I have a dataframe in pandas that I'm using to produce a scatterplot, and want to include a regression line for the plot. Right now I'm trying to do this with polyfit.
Here's my code:
import pandas as pd
import matplotlib
import matplotlib.pyplot as plt
from numpy import *
table1 = pd.DataFrame.from_csv('upregulated_genes.txt', sep='\t', header=0, index_col=0)
table2 = pd.DataFrame.from_csv('misson_genes.txt', sep='\t', header=0, index_col=0)
table1 = table1.join(table2, how='outer')
table1 = table1.dropna(how='any')
table1 = table1.replace('#DIV/0!', 0)
# scatterplot
plt.scatter(table1['log2 fold change misson'], table1['log2 fold change'])

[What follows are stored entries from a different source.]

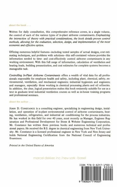1. Theory in Practice 2. Identifying Sources of air Contaminants 3. Plant Layout and Classification of Hazardous Areas 4. Natural Ventilation 5. Control by Mechanical Ventilation 6. Local Exhaust Ventilation 7. Makeup air Systems 8. Dust Control in the Workplace 9. Designing for Pressure Ventilation 10. Clearing the air in Laboratories for Safety and Health 11. Moisture Control in Process Buildings 12. Think Quiet-Desigh for Noise Control in Industry 13. Industrial Heat and its Control
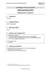 Ministerium für Schule und Weiterbildung NRW M GK HT 5 Seite 1 von 8 Unterlagen für die Lehrkraft Abiturprüfung 2014 Mathematik, Grundkurs 1. Aufgabenart Stochastik 2. 1 Aufgabenstellung siehe Prüfungsaufgabe 3. Materialgrundlage entfällt 4. Bezüge zu den Vorgaben 2014 1. Inhaltliche Schwerpunkte Wahrscheinlichkeit, bedingte Wahrscheinlichkeit, Unabhängigkeit Binomialverteilung einschließlich Erwartungswert und Standardabweichung Ein- und zweiseitiger Hypothesentest 2. Medien/Materialien entfällt 5. Zugelassene Hilfsmittel Wissenschaftlicher Taschenrechner (ohne oder mit Grafikfähigkeit) Mathematische Formelsammlung Wörterbuch zur deutschen Rechtschreibung 1 Die Aufgabenstellung deckt inhaltlich alle drei Anforderungsbereiche ab. Nur für den Dienstgebrauch!
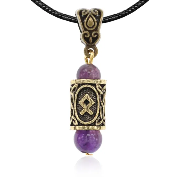 Кулон-амулет с руной Одал из бижутерного сплава и натурального аметиста.
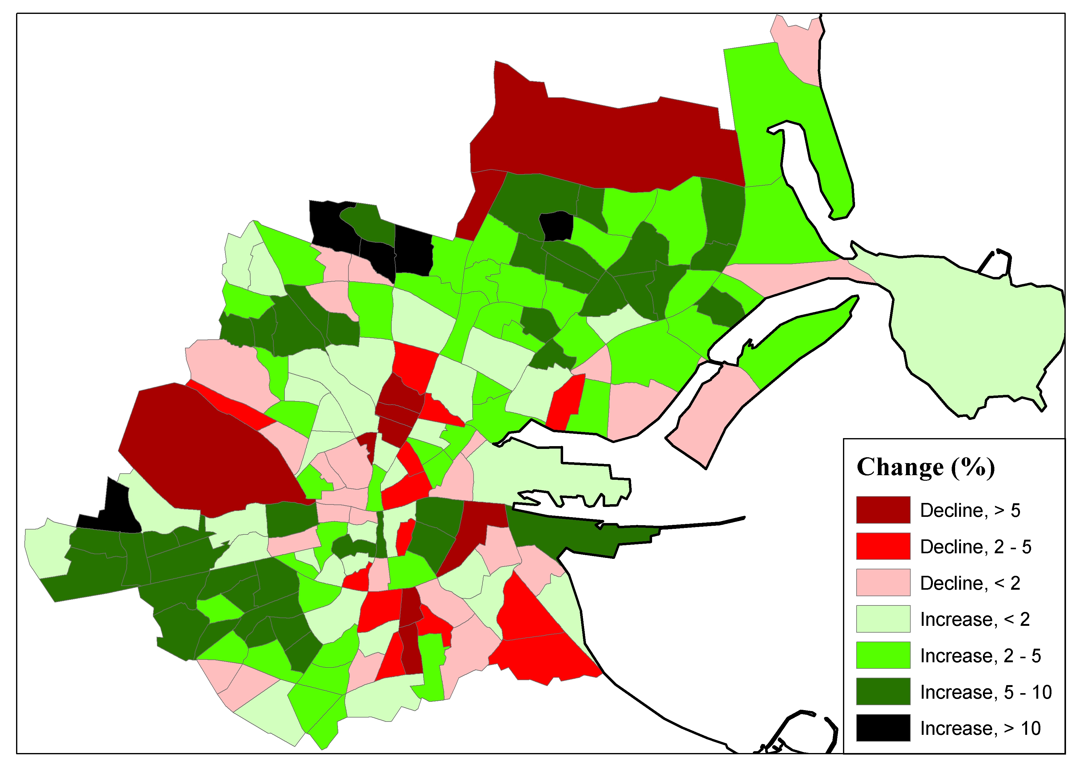 Turnout change, by electoral division, in the Dublin City constituencies area between the 2002 and 2007 General Elections.

plt.ylabel('log2 expression fold change')
plt.xlabel('log2 expression fold change Misson et al. 2005')
plt.title('Root Early Upregulated Genes')
plt.axis([0,12,-5,12])
# this is the part I'm unsure about
regres = polyfit(table1['log2 fold change misson'], table1['log2 fold change'], 1)
plt.show()
But I get the following error:
TypeError: cannot concatenate 'str' and 'float' objects
Does anyone know where I'm going wrong here? I'm also unsure how to add the regression line to my plot. Any other general comments on my code would also be hugely appreciated, I'm still a beginner.